I am dubious about your version in https://www.physicsforums.com/showpost.php?p=2768235&postcount=53"

You need to learn euler-lagrange method and differential equations. The solution is identical with the one produced by the geodesic equations.

 

[yuiop]

You need to learn euler-lagrange method and differential equations. The solution is identical with the one produced by the geodesic equations.

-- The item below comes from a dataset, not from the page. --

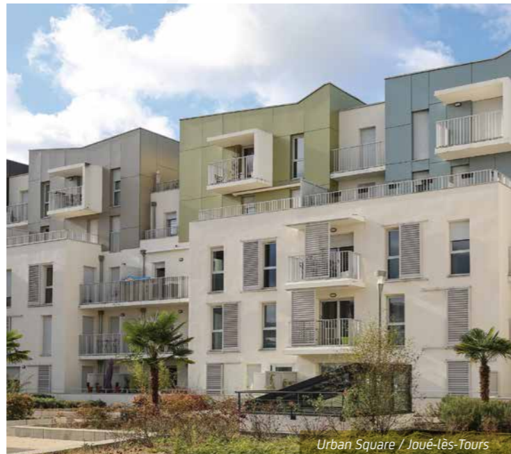
Urban Square / Joué-lès-Tours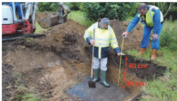
Figure 15. Sommet du dôme – Coupe du sol de couverture et état du géotextile supérieur de protection

On a également pu observer que les épaisseurs du sol de couverture avaient bien été respectées (Figure 15). L'excavation a montré que les racines de la végétation plantée sur la couverture sont restées dans les 40 premiers centimètres de la terre arable (Figure 16).

Let's see if the solutions are the same. Start with the solution given by Espen:

\frac{\text{d}^2r}{\text{d}\tau^2}+c^2\left(\frac{r_s}{2r^2}-\frac{r_s^2}{2r^3}\right)\left(\frac{\text{d}t}{\text{d}\tau}\right)^2-\left(\frac{r_s}{2\left(1-\frac{r_s}{r}\right)r^2}\right)\left(\frac{\text{d}r}{\text{d}\tau}\right)^2-\left(r-r_s\right)\left(\frac{\text{d}\theta}{\text{d}\tau}\right)^2-\left(r-r_s\right)\sin^2\theta\left(\frac{\text{d}\phi}{\text{d}\tau}\right)^2=0

Using notation r_s= 2m, c=1, d\tau = ds, \alpha = (1-2m/r) and conditions \theta =0 and d\theta =0 to put Espen's solution in the same format as your equation then the following is obtained:

d^2r/ds^2 + m\alpha/ r^2 (dt/ds)^2 - m/(\alpha r^2)(dr/ds)^2 - r\alpha (d\phi/ds)^2 = 0

-2/\alpha*d^2r/ds^2 -( 2m/ r^2 (dt/ds)^2 - 2m/(\alpha^2 r^2)(dr/ds)^2 - 2r (d\phi/ds)^2) = 0

-2/\alpha*d/ds(dr/ds) -( 2m/ r^2 (dt/ds)^2 - d/dr(1/\alpha)(dr/ds)^2 - 2r (d\phi/ds)^2) = C

Contrast to your equation:

-d/ds(1/\alpha*2dr/ds)-(2m/r^2(dt/ds)^2-d/dr(1/\alpha)(dr/ds)^2-2r(d\phi/ds)^2)=0

As a calculus expert you should know

-2/\alpha*d/ds(dr/ds) \ne -d/ds(1/\alpha*2dr/ds)

so your solution is in error.

 

[starthaus]

Let's see if the solutions are the same.

They are the same, this is a known theorem . You need to study.

 

[Dale]

Even when you have a theorem that tells you that two solutions should be the same it is often wise to compare them to see if you made a mistake in one or the other.

 

[yuiop]

If you insist on hacking the metric by putting \frac{dr}{ds}=0 by hand as you've been doing, then, by virtue of elementary calculus, you'd get \frac{d^2r}{ds^2}=0.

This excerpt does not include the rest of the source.